Siamo tutti qui con occhi bovini di incredulità ed orrore a fare appello a una sentenza che ci porterà al macello, e le sentenze sono sempre dittature oliate dove il boia sacrifica le sue anime migliori per conservare il museo degli orrori attuale, e poi soldatini a sfilare nel silenzio dell’ordine e della stabilità per la massificazione e il livellamento della società e bandite per sempre le parole verità e libertà, bandita la cultura, l’arte e ogni forma di ribellione che potrebbe destabilizzare questa oliata bugia sociale,  questo nuovo ordine cosciente, se io ho tutto è perché tu non hai niente.
 
Si ripete la storia e la sua follia, la sua banalità e vigliaccheria, e non mancheranno eroi vicini e lontani che moriranno senza diventare anziani, che saranno bandiere, chimere, ideali, poesie, dipinti, canzoni e anniversari, commemorazioni, ma tutto si ripeterà, giorno dopo giorno, come autismo.
 
 
Lei ha il diritto di rimanere in silenzio. Qualsiasi cosa dirà o farà potrà e sarà usata contro di lei in tribunale.
 
Ma non è sempre così? Qualsiasi cosa che dirai o farai potrà essere usata contro di te.
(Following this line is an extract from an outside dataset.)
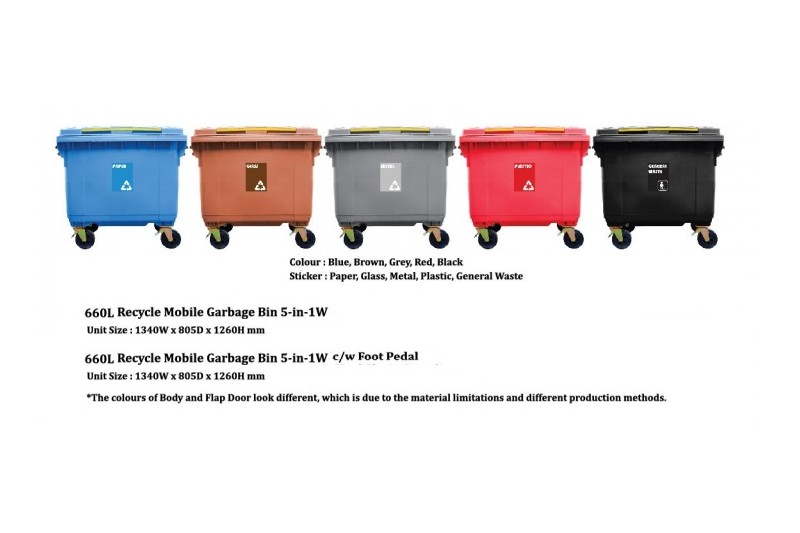 660L Recycle Mobile Garbage Bin / c/w Foot Pedal (5 in 1W)

E tribunali ce ne sono sempre, tribunali di famiglia, di amici e parenti.
 
 
I tuoi occhi deserti di neve
 
parole arrestate in gola come elemosina sorda
 
mani contro il muro gambe divaricate
 
pregiudizio che scende tra le scapole
 
 
l’arte è un messaggero che può attraversare secoli
 
e viaggia sopra ogni condanna
 
perciò mentre sei qui a perquisire ogni millimetro del mio corpo
 
per avere le prove della mia colpevolezza
 
non troverai mai l’arma del mio malcontento, e tutte le impronte digitali sui miei ideali.
 
 
 
 
Ho ancora vita e destrezza per bilanciarmi con rinnovata coscienza in questa vita, privata di proteine nobili, che nobili non erano, un po’  come il tuo stato ora, nel salone sbagliato, ad attendere ospiti che non hai mai invitato, però guarda posso lanciarmi veloce “senza mani, senza piedi, senza nome e senza croce”
 
Pensi che non possa muovermi di qui, perché il tuo sguardo mi ha inchiodata, perché il tuo confine mi ha esclusa? Ho scimmie alate dentro i miei muscoli, posso fuggire rimanendo a fissarti gli occhi, senza muovermi, ho risate oscene di iene e percepisco il tuo desiderio avanzato sotto il sole e avrò coda di sirena per una virata d’effetto nell’attimo giusto.
 
 
 
Se non fosse che ho il senso del peccato sospeso sulla schiena, e se lo schiudo appena posso librarmi in alto, e soffioni, altalene di capelli , mulinelli di foglie, di prigione in prigione ho occhi sbarrati per sottrarne illusioni e miraggi, siamo sempre prigionieri di qualcuno o qualcosa, quando non è una passione, un ideale o un’idea da realizzare, una chimera, un sogno, un bisogno. Collezioniamo dipendenze.
 
Soltanto,
ogni tanto,
dalle sbarre,
entra odore di rosmarino o di erba di macchia, e allora percepiamo la libertà.
 
 
Varcare un cimitero in un pensiero privato,
passare in mezzo a quello che è stato,
chiedere aiuto a tutti i morti, scambiare fendenti nei passi raccolti con angeli e diavoli purché mi si ascolti.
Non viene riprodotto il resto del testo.